Even after teaching for a couple of decades, both in graduate level courses and in continuing education settings (live and online), I am humbled by all there is to learn and relearn about how to teach well. We all teach every day, regardless of what setting or roles we work in, and are required to share our thoughts and knowledge with respect, equanimity, and non-judgement. After teaching a course last month, I received feedback about an important topic that was not clearly addressed from an instructional or clinical standpoint, and the participant who brought it to my attention agreed to share her experience so that we as pelvic rehab providers can do a better job of addressing the issue when needed. The following post was written by Erin B. after I encouraged her to share her own thoughts about the issue.
"Having recently participated in the PF1 class after several years out of the classroom-style of continuing education, I made a few observations I felt compelled to share. (I do want to preface this with the fact that I am fully aware that my own insecurities play a role in my experiences and I recognize that they may alter my judgment of the situation.)

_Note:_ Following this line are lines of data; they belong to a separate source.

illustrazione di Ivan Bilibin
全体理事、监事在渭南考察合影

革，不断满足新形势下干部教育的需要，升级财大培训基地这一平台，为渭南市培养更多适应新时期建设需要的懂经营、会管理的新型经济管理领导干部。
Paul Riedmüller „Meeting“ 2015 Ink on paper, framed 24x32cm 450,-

I am 5' 4" and currently 240 pounds. Although that is 50 pounds lighter than I was 6 months prior to attending this class, it is still significantly larger than 90% of the class participants, lab assistants and instructors. I am not someone who feels that fat is healthy. I do not feel that you need to act like I am in as good of shape as anyone else in the room. However, I do feel that there are certain assumptions made about me that are based on my physical appearance alone. Take a minute and think about your first reaction to seeing a person who is obviously overweight. (I do realize that I have made my own assumptions about some of you as well!) Just because you are much thinner and more fit looking I assume you exercise regularly, you always eat healthy and you judge me negatively for my appearance. I do know that my assumptions about you may be just as wrong as what I believe you assumed about me. However, when I see that the larger people in class have placed themselves more to the back of the room, when I have a hard time finding a lab partner and when the lab instructor struggles with how to say to the partner that got stuck with me "things may be different on her", I begin to feel like I am taking something away from the class experience for everyone else. I do not want to hinder another clinician's learning process so I don't push anyone to be my partner, but then I am actually denying myself the learning opportunities I came for. Not to mention that I may be denying the other participants the opportunity to learn how to handle a client that may look and feel like me.

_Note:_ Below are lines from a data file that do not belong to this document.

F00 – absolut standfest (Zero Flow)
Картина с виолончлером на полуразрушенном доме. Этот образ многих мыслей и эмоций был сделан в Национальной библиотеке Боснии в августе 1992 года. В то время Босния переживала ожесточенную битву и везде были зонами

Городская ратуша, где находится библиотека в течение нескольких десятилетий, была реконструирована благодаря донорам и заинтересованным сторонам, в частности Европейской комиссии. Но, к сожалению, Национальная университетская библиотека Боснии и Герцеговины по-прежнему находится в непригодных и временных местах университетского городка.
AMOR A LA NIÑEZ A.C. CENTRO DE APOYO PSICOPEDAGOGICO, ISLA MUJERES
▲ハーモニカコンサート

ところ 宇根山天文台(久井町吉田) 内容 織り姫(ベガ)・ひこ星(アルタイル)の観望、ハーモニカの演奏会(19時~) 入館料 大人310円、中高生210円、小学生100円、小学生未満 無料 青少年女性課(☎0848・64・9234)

The reality of our world is that there is a very large obese population. I firmly agree this leads to a multitude of chronic illnesses and astronomical medical costs for the individual and our society as a whole. It does need to be addressed on a large scale. However, we as clinicians don’t know where these individuals are on their weight journey. For someone like me who has made drastic lifestyle changes to move me in a positive direction but have not yet gotten my appearance in line with the "norm" that the health care professionals, the media and society are pushing, your response to me can be devastating to my progress, my hope and my desire to continue toward a healthier lifestyle. Again I want to acknowledge that this is as much my problem as it is for those around me and I am addressing this as well. But please have the awareness that an obese person above all is a PERSON FIRST! Then their physical size becomes just another item on the list of "facts" about them, instead of a source of anxiety and separation. Approaching an obese person with respect, acceptance, honesty and openness not only puts them at ease, it also strengthens the rapport that is so crucial in pelvic rehabilitation.

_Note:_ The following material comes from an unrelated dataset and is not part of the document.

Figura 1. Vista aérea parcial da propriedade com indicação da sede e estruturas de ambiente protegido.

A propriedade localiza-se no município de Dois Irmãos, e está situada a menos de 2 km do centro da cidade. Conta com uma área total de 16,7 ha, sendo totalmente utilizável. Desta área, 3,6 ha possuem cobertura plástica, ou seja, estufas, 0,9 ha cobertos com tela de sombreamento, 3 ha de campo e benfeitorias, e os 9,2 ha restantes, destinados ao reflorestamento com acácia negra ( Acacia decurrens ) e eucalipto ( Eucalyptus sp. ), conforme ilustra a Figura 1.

Although I was born and raised in the north east, I now live in Alabama, home of corn bread, fried chicken and sweet tea. The population I deal with is more likely to be at least overweight if not truly obese. So, quite honestly, the practical instruction of how pelvic floor evaluation and treatment may be different with the obese patient would be directly beneficial to my practice. This might include openly addressing in labs how to assess/reposition an obese patient will give each therapist an awareness and confidence when approaching this population and may minimize the patient's embarrassment and keep the doors of trust and communication open. Or taking a moment to recognize the larger participants in the classroom setting and professionally suggesting during a lab session how they can reposition themselves and still affectively achieve appropriate assessment/treatment for the patient would make the transition from class to the reality of the clinic more smooth. Also, taking a moment to offer suggestions for what the obese patient who can’t physically reach their perineum or even palpate the pubic symphysis and or coccyx and doesn’t have a willing partner to assist can do to effectively complete the rehab activities suggested. You have to admit, this is not an easy specialty of practice to broach in the first place, and anything to take the pressure off of the clinician and or patient is helpful!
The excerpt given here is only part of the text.